The comedian George Burns once said, “I can’t die. I’m booked.” This is how I have often felt. Much of life has been a running schedule. Each day a checklist manifesto to live by. I like order, and I love checking off boxes. I hate wasting time, let alone other people’s time. But now I am on the other side of pastoring and professoring and writing—at least for the moment. For the first time, my schedule has blank pages. And I am okay with this. Sort of.
I am counting on God to fill the void—protect me from floundering, devolving into a life of puttering, running errands, or doing whatever happens to come along. It’s just in my wiring.
After writing some 7-8 hours a day for the past twenty-four months and getting my edits off to the publisher, I woke up the next morning with no to-do list. I alerted my wife that I could be even more difficult to live with. I am adjusting to free time, but don’t assume I am free. I still have my schedule—up at 5:30 am and in bed by 9:00 pm. I cannot afford for Heather—or anyone else—to think my day isn’t full. This would leave me vulnerable to someone else’s list.
Perhaps you are in a similar transition. It might be you find yourself like Isaiah saying, “Here I am Lord, send me.” Like him, like me, you also find yourself in waiting, which is not easy. At least for me. I resonate with Ben Patterson and the first sentence in his book, appropriately titled, Waiting. He writes, “I hate to wait. My image of hell is an eternity of standing in line, waiting in the lobby of some Kafkaesque (i.e. nightmarish) bureaucracy.” Like him, when I am in a long queue, or sitting in traffic on I-84, or waiting for a certain reply, my teeth clench, my blood pressure rises, and my eyes narrow. It is worse than hell.

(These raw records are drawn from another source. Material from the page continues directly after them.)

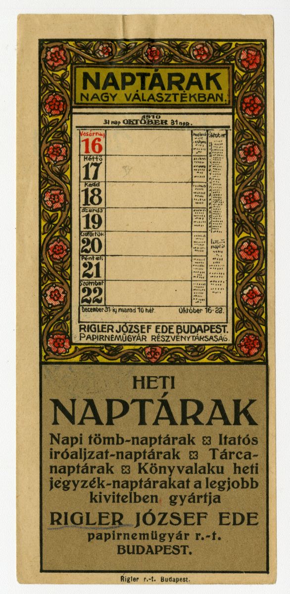papír, naptár, füzet, könyv, 1910, reklámnyomtatvány, kisnyomtatvány, aprónyomtatvány, számolócédula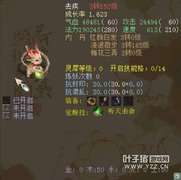 去疾 今年新出的第九代宝鉴召唤兽,天生技能百草,竞主动攻击或施法时,去疾将迅速长大,主动攻击敌方或者施放风法时有几率生长百草,随机缠绕场上多个目标,若缠绕己方目标则为其回复血法,若缠绕敌方目标则对其造成一次风雷涌动伤害。去疾长大后对敌方造成风法伤害时会额外增加伤害。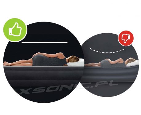 Materac dwuosobowy z wbudowaną pompką 203 x 152 x 46 cm INTEX 64414. Posiada niesamowitą konstrukcję Fiber-Tech bazującą na setkach wytrzymałych włókien poliestrowych, które się nie rozciągają. Takie dmuchane łóżko znajdzie zastosowanie w każdym domu. Możesz z niego korzystać jak z normalnego posłania lub awaryjnie w przypadku odwiedzin gości. Rozstawione w salonie lub w sypialni na pewno nie zakłóci harmonii ani wystroju mieszkania. Duży komfort spania, wytrzymała konstrukcja i wykończenie w postaci miękkiego weluru to nie jedyne jego zalety. Materac posiada wbudowaną pompkę elektryczną w jedną ze ścian. Po podłączeniu do zasilania sieciowego 220V napompuje się sam w ciągu 4 minut. Wymiary 203 x 152 x 46 cm pozwalają na swobodne spanie i relaks. W zestawie znalazła się wygodna torba do przenoszenia materaca.

Maybe it is good that I am reading Job at present. I find that I’m not alone; Job is waiting, but his trajectory scares me. At first, he seemed to be coping. He saw his losses as part of life, With calm and trust, he told his world, “The Lord gave and the Lord has taken away; may the name of the Lord be praised.” But the days turned to weeks, the weeks to months, and over time Job’s calm and collected faith gave way to a demanding spirit. This could be me.
It’s hard to find anyone in Scripture who hasn’t had to wait. Noah, like most Oregonians in early April, must have looked out from the Ark and shouted, “When will this rain stop?” If I was Abraham, I would have fallen in a narcoleptic coma, waiting for the pregnancy test to come back positive. Moses was assigned forty years in the desert, only to get the news he would spend the next forty years in the same wilderness with a crowd of bellyachers, bitching and bleating. There must have been moments he looked so beaten down he was on verge of vanishing. The psalms reveal David to be a man pushed to the edge in his long wait to become king. One could go on with examples—Hannah, Anna…does anyone get a pass? No!
In the midst of a long Dutch winter, I remember a morning I rolled down my window and screamed, “I hate Holland!” Waiting can make one lose their mind. But everyone who has anything to do with God waits—and hopes. And when hopes are deferred, the heart becomes sick (Prov 13:12). As I shared Sunday in a sermon, doubts can creep in, and demands suddenly ramp up. But as Patterson concludes in his book, we have no demands to make or rights to assert. God is not in our checklist—we are in his. And in his work, what we become as we wait is as important as what we wait for.
So what am I becoming? Perhaps—I hope—a person at peace with wherever God wants to take me next. And it may be no further than the front door. No further than the kitchen where Heather might say, “Can you get this for me?” No further than dinner with my daughter Kate or a day at the beach with Nate.
Waiting also has a way of forcing me to be more attuned to the world in which I live. It’s easy to find some escape in the wilderness, but right now I have to allow the images to confront me. The dreadful pictures of people in Afghanistan, whose waiting in line is a matter of life and death. The images, the stories of what people are facing in Beirut, where a nation seems to be on the verge of collapse. Or stories from medical personnel in hospitals in Portland, and how caregiving is driving them to the brink.
All of these have a way of moving me off myself. I begin to realize my day is actually booked, with listening more carefully to what God is saying and doing, praying more deeply for those who are suffering, and searching more intently for what God is asking of me at this moment.